Methods. and Results Patients were eligible if they had stable exertional angina, a significant reversible perfusion defect by stress myocardial perfusion study, and coronary anatomy that was suboptimal for percutaneous coronary intervention or coronary artery bypass grafting. rhVEGF was administered to a total of 15 patients by 2 sequential (eg, right and left) intracoronary infusions, each for 10 minutes, at rates of 0.005 (n = 4), 0.017 (n = 4), 0.050 (n = 4), and 0.167 mg/kg/min (n = 3). Pharmacokinetic sampling and hemodynamic monitoring were performed for 24 hours. Radionuclide myocardial perfusion imaging was performed before treatment and at 30 and 60 days after treatment. Follow-up angiograms were performed on selected patients at 60 days. The maximally tolerated intracardiac dose of rhVEGF was 0.050 mg/kg/min. Minimal hemodynamic changes were seen at 0.0050 mg/kg/min (2% ± 7% [SD] mean decrease in systolic blood pressure from baseline to nadir systolic blood pressure), whereas at 0.167 mg/kg/min there was a 28% ± 7% mean decrease from baseline to nadir (136 to 95 mm Hg systolic). Myocardial perfusion imaging was improved in 7 of 14 patients at 60 days. All 7 patients with follow-up angiograms had improvements in the collateral density score.
Conclusion. rhVEGF appears well tolerated by coronary infusion at rates up to 0.050 mg/kg/min. This study provides the basis for future clinical trials to assess the clinical benefit of therapeutic angiogenesis with rhVEGF.
Patients with severe myocardial ischemia who are not optimal candidates for percutaneous or surgical revascularization have few therapeutic options. In addition to symptoms that impair the quality of life, these patients are at risk for myocardial infarction and death. Mortality estimates for patients with reversible ischemia in 4 segments (in a 20-segment model) are between 2.3% and 4.6% per year. The natural process of collateral development, which can improve perfusion to jeopardized regions of myocardium, is inadequate in many patients. Despite advances in percutaneous and surgical revascularization techniques, the number of patients with significant myocardial ischemia not amenable to revascularization is likely to increase as the population ages and the mortality from coronary artery disease decreases.

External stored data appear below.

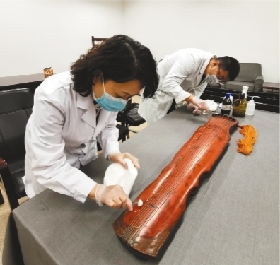 遼博工作人員正對九霄環佩琴進行保養,以確保下個月展覽順利進行。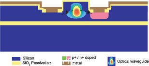 另一種直接基於(yu) 電吸收(EA)調製,利用載流子注入改變吸收係數來實現光功率的衰減。如圖7所示,在PN結之間加入一層單模光波導層,當未加電時,從(cong) 光纖出射的單模光,進入單模光波導層後,仍然是傳(chuan) 導模,被限製在這一層中繼續傳(chuan) 播,並從(cong) 另一光纖輸出;當加載電壓時,由於(yu) 載流子的注入,單模光波導的吸收係數增大,從(cong) 而部分光被吸收掉。並且隨著電壓的增加,流過PN結的電流也隨著增加,使得更多的光子被吸收,衰減增大。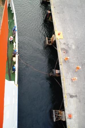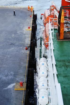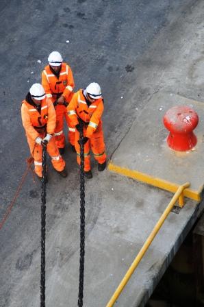 Ein Manöver, bleibt ganz alleine dem Kapitän überlassen, das An- und Ablegen im Hafen. Dies war in Kapstadt, aufgrund des „Cape Doktors“ (so wird der starke Wind in Kapstadt genannt, weil er die Abgase aus der Stadt hinaus fegt), nicht einfach. Da der Hafen tagsüber aus Sicherheitsgründen aufgrund des Sturms gesperrt war, legten wir mit Verspätung ab. Das Ablegemanöver führte der Kapitän zusammen mit seinem 1. Nautischen Offizier sowie mit der Hilfe eines ortskundigen Lotsen durch. Die 2. und 3. Offiziere kümmerten sich um  das Ablegen an Bug und Heck, sowie die Herstellung der Leinenverbindung zwischen Schiff und Schlepper.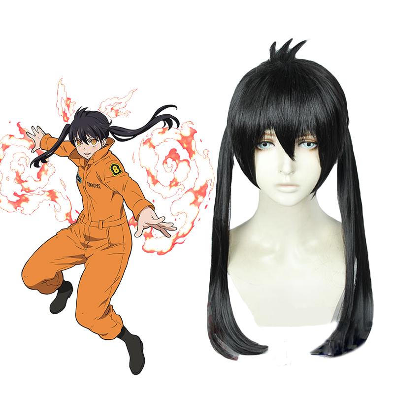 Fire Force Kotatsu Tamaki Negro Long Dual Horsetail Cosplay pelucas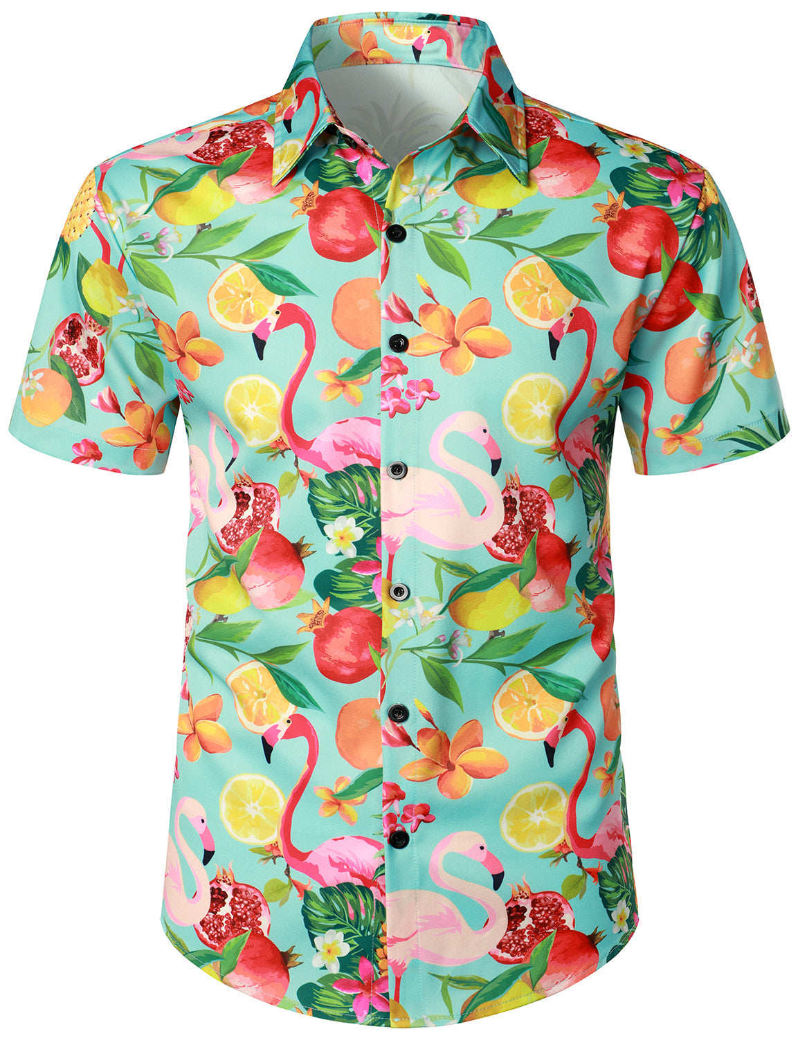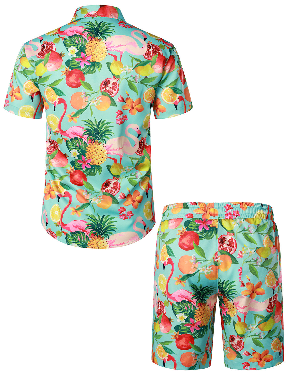 Men's Flamingo Pineapple Print Hawaiian Shirt & Shorts Set

This increasing clinical problem has stimulated interest in the use of angiogenic growth factors to promote the growth of collateral blood vessels in ischemic tissues. Successful therapeutic angiogenesis has been demonstrated in a variety of species with a number of angiogenic growth factors. In addition, initial clinical trials in patients with myocardial and critical limb ischemia have yielded promising initial results, but 2 exceptions have been small, with dose-escalation trials without control groups. Vascular endothelial growth factor (VEGF) is a protein responsible for the growth of new blood vessels during development in the healthy adult and in response to injury. It differs from other protein growth factors in its relative specificity for endothelial cells. It has now been produced in purified form by recombinant methods. This study investigated the safety and tolerability of intracoronary infusions of recombinant (r) human (h) VEGF in patients with areas of viable but underperfused myocardium who were not optimal candidates for standard revascularization procedures.